SHRADDHANJALI
A MON DIKSHA GURU

Sadhu Prof. V. RANGARAJAN

 

"Seul un escroc ou un fou aimerait être connu comme un dieu
alors qu'il vit. Pour un homme sain et honnête sur terre, le fardeau
de la divinité serait impossible à porter pendant sa vie."

(extrait du discours du Sage Yadodhara à ses élèves, 5054 av. JC)

La citation ci-dessus est tirée de la saga des anciens Aryas, "Retour aux Aryas" de l'auteur renommé Bhagwan S. Gidwani.

Deva manusha rupena carantyete mahitale - Dieu marche sur terre sous la forme humaine, proclament nos Ecritures. Dans le Ramayana, Ramachandra fait un appel fervent :

Atmanam manusham manye dasharatatmajam¡ - Sache que je suis un homme, fils de Dasaratha.

Dieu vient sur terre pour Se poser comme homme idéal, ce pour permettre à l'homme de suivre Son exemple et s'élever jusqu'à la Divinité. De telles Âmes Divines qui marchent sur le sentier fixé par Dieu atteignent l'état de Divinité, mais ils vivent parmi les hommes comme des hommes ordinaires, souvent incognito, jusqu'à ce que d'autres âmes ardentes découvrent en elles l'idéal à suivre.
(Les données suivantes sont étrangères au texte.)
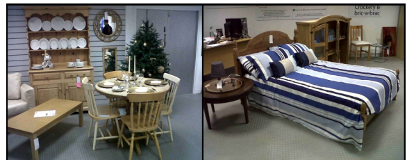
Room settings at Reviive, Battlefield Enterprise Park, Shrewsbury
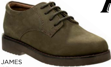
JAMES Olive CHILD: 10-3

LEATHER STITCHED OUTSOLE OPEN STOCK MEDIUM & WIDE
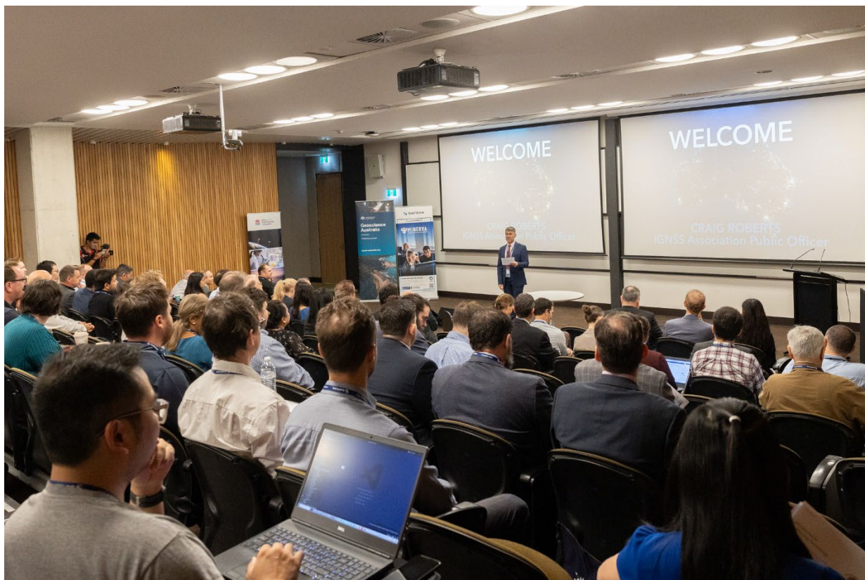
International Global Navigation Satellite Systems - IGNSS 2024

If you have any questions during the application period, please contact us at raap.grants@chiefscientist.nsw.gov.au . OCSE will endeavour to respond to questions within three working days.
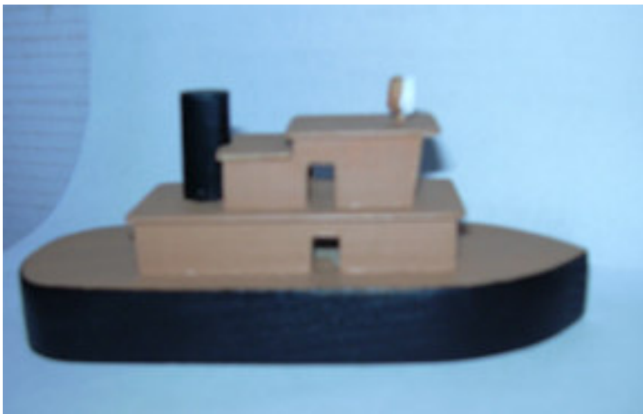
ERNIE'S SAMPLE TOY TUG
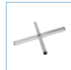
AT0823 speaker table stand
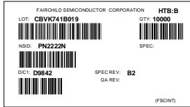
F63TNR Label sample
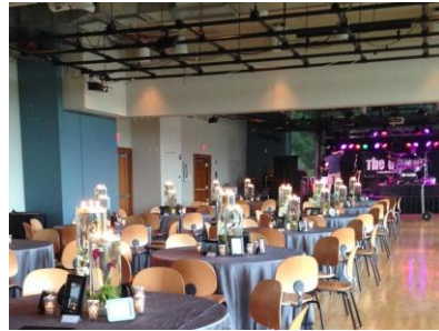
Esch Hurvis Studio, Esch Hurvis Room and Mead Witter reception with chair upgrade (upgrade involves a fee and is dependent upon availability)

Bhagavan Yogi Ramsuratkumar, mon diksha guru, qui avait l'habitude de s'appeler 'mendiant fou' et qui a mené la vie d'un voyageur insouciant dans les premiers jours de sa sadhana, vivant sous des arbres au bord de la route, sur des quais de gare, dans des marchés affairés et devant des temples, a atteint le Mahasamadhi à l'intérieur d'un grand Ashram construit par Ses dévots à Tiruvannamalai le mardi 21 février 2001 à 3h 20 du matin. Il avait 84 ans.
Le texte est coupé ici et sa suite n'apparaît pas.